Source data:
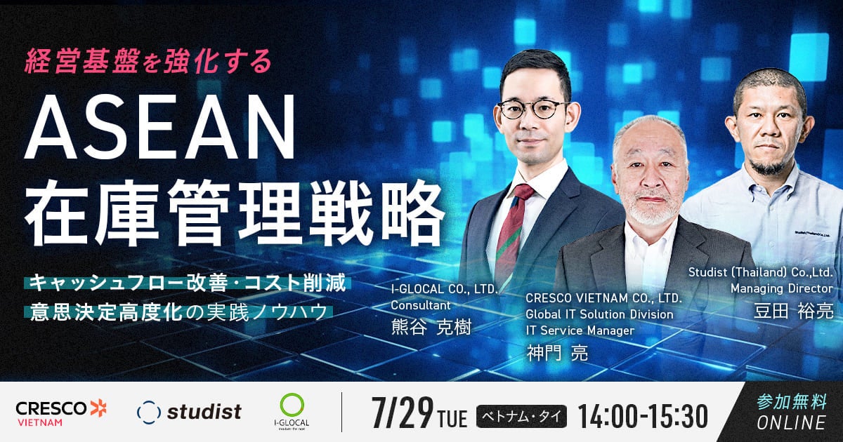 企業のオペレーション改革を支援する株式会社スタディスト(本社:東京都千代田区、代表取締役CEO:鈴木悟史、以下「スタディスト」)は、2025年7月29日(火)に、I-GLOCAL CO., LTD.およびCRESCO VIETNAM CO., LTD.と共催で、ASEAN市場における在庫管理戦略に関するオンラインセミナーを開催します。本セミナーでは、キャッシュフロー改善・コスト削減・意思決定高度化を実現する実践的なノウハウを、現地ビジネスに精通する3社の専門家が解説します。
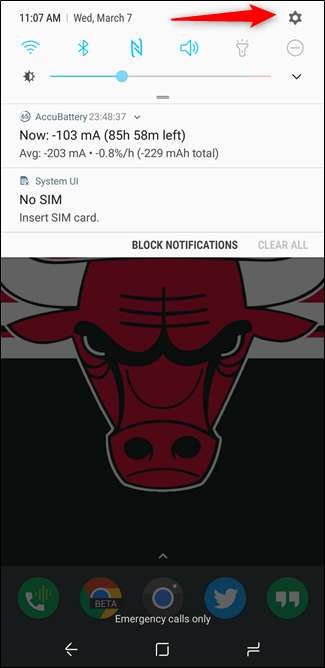 Mas vamos mantê-lo o mais simples possível aqui. Vá em frente e abra o menu de configuração do seu telefone, puxando para baixo a aba de notificação e, em seguida, tocando no ícone de engrenagem.
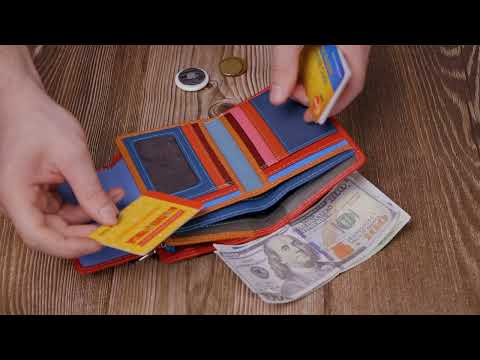 Внутреннее оформление отличается яркой расцветкой и включает два отделения для купюр, девять слотов для карт, два скрытых кармана и монетницу на молнии.
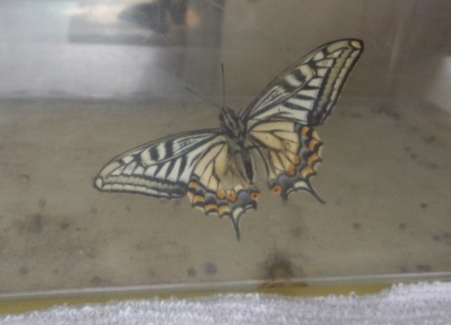 もも組の子どもたちが昨年育てていたサナギから、アゲハチョウが生まれました。

Work to be completed: The output should be the lines from the one with "Внутреннее оформление отличается" through the end of the material above, both ends included, printed exactly and nothing else. Drop the pictures.

Answer space:
 Внутреннее оформление отличается яркой расцветкой и включает два отделения для купюр, девять слотов для карт, два скрытых кармана и монетницу на молнии.
 もも組の子どもたちが昨年育てていたサナギから、アゲハチョウが生まれました。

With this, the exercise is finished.